The US has a population of roughly 300 million. Israel has a population of roughly 7 million. We lost roughly 3000 people in the 9/11 attacks.  For Israel to have an equivelant attack (statistically speaking in terms of casualties) they would need to lose 70 people. This happened fairly frequently with suicide bombers scattered in markets through out Israel. In no way is this diminishing ANY of the deaths, either Israeli or US, but it points out the fact that killing 3000 people in the US is the same statistically as killing 70 people in Israel. If we were getting bombed by some terror organization and losing 3000 people every few months, we would probably get upset too and invade, especially if it could have been prevented by a neighboring country following UN mandates. If some group in Mexico were doing the same thing as Lebanon (harboring Hezbollah or at least letting them remain), we would probably go to Mexico and root out the problem. However, this would likely not happen since Mexico would realize this and take care of it themselves. Nor would they let a foreign body control their borders and run sections of their country.

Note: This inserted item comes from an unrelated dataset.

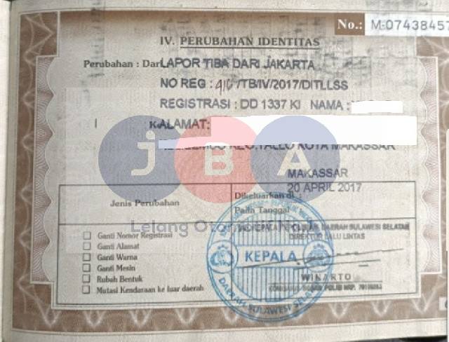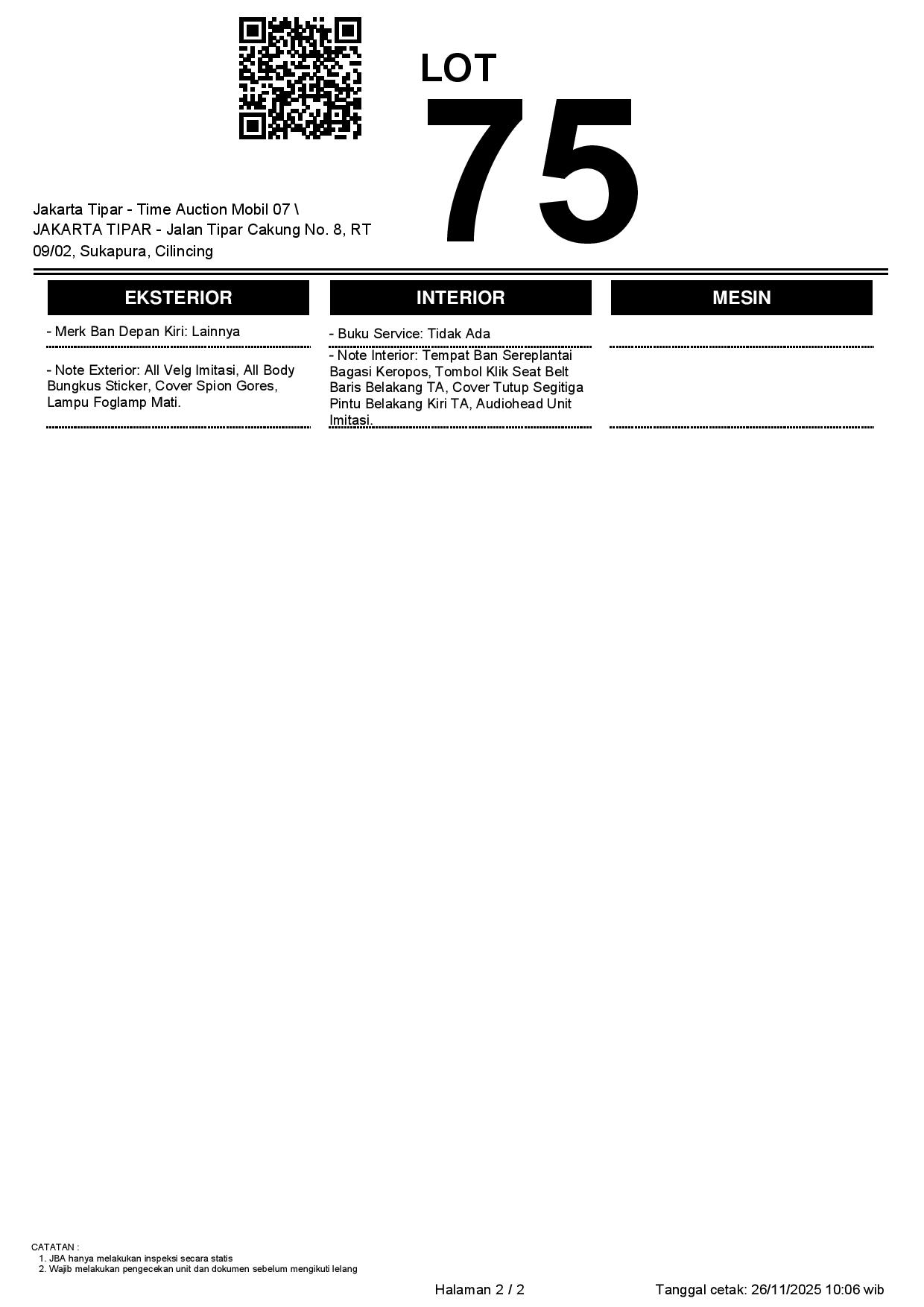 - Kondisi objek lelang dilelang apa adanya, baik kondisi fisik, mesin maupun legalitas kendaraan. Jika terdapat kekurangan/cacat baik yang terlihat maupun yang tidak terlihat, maka semua akan menjadi tanggung jawab/risiko Pemenang Lelang. Oleh karena itu, Pemenang Lelang melepaskan segala hak untuk menuntut dan/atau meminta ganti rugi atas hal tersebut kepada JBA.

In no way is it diminishing those deaths. I have no idea why you would assume so, unless you have some agenda/idea that requires such an asinine conclusion.


----------



## michaeledward (Jul 24, 2006)

mrhnau said:
			
		

> *sigh*
> 
> OK Michael, I'll explain.
> 
> ...


 
I understand division and multiplication. 

And your argument *does *diminish death. 

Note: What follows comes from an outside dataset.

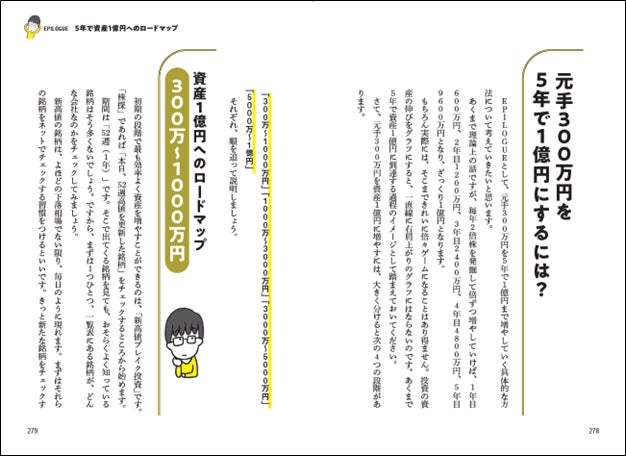 本書『5年で1億貯める株式投資』は、そうした将来のお金の不安を解消するために株式投資を始めたい、または既に始めている人たちにおすすめの1冊です。著者のkenmo氏は、サラリーマンとして会社勤めをしながら元手300万円から株式投資を開始。月々の給料は趣味のアニメグッズや声優の推し活に使い、株式投資への資金追加はまったくのゼロにもかかわらず、わずか5年で資産1億円を達成。現在は個人投資家同士の情報交換を目的とした「湘南投資勉強会」を設立し、自らも投資家として約3億円の資産を運用しています。そのkenmo氏が「億り人」になるまでに至った、会社勤めの人にも再現性が高い4つの投資法や、「絶対やってはいけない」株式投資のNGポイント、決算書を見る際に押さえておくべきポイントなどを、図解を用いてわかりやすく解説しています。

So, if the United States Military is responsible for killing 43,000 innocent Iraqi civilians ... that is more than 14 9/11's ... what is the appropriate response from the Iraqi's?

http://www.iraqbodycount.net/


----------



## mrhnau (Jul 24, 2006)

michaeledward said:
			
		

> I understand division and multiplication.
> 
> And your argument *does *diminish death.
> 
> So, if the United States Military is responsible for killing 43,000 innocent Iraqi civilians ... that is more than 14 9/11's ... what is the appropriate response from the Iraqi's?

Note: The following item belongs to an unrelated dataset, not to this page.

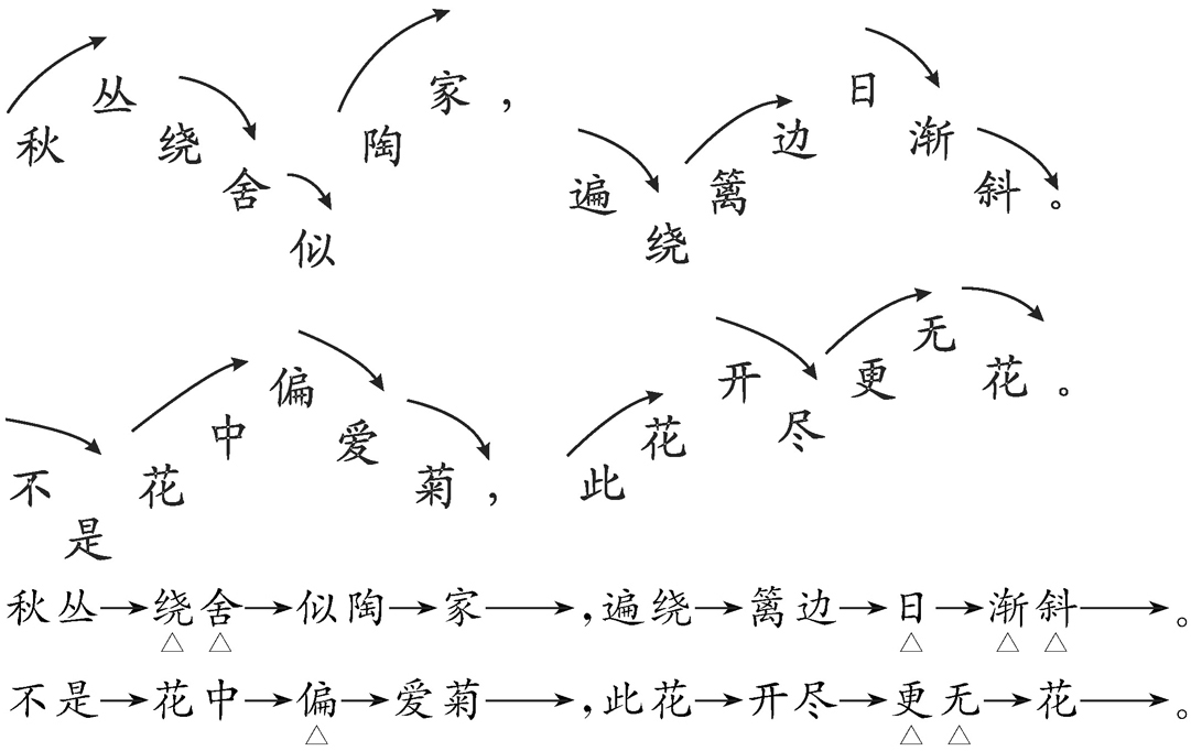 ①“秋丛绕舍”,由低到高再到低,环绕之意。“陶家”向往陶渊明宅,上扬。

My arguement only diminishes death in your point of view. Not in mine, and I'm wagering not in the views of many others. In no way have I claimed the deaths in Israel and 9/11 attacks are in any way diminished. Far from it. I see them in the same light. Results of terror attacks. Every one is tragic.

Have innocent lives been taken in Iraq? Of that, I have no doubt. Have innocent lives been taken in Lebanon and Israel? I have no doubt. Have innocent lives been taken in WW2? I have no doubt. Have innocent lives been taken in almost EVERY war since the beginning of time? I have no doubt. Loss of innocent life is tragic in this instance too, but sadly inevitable as a result of war.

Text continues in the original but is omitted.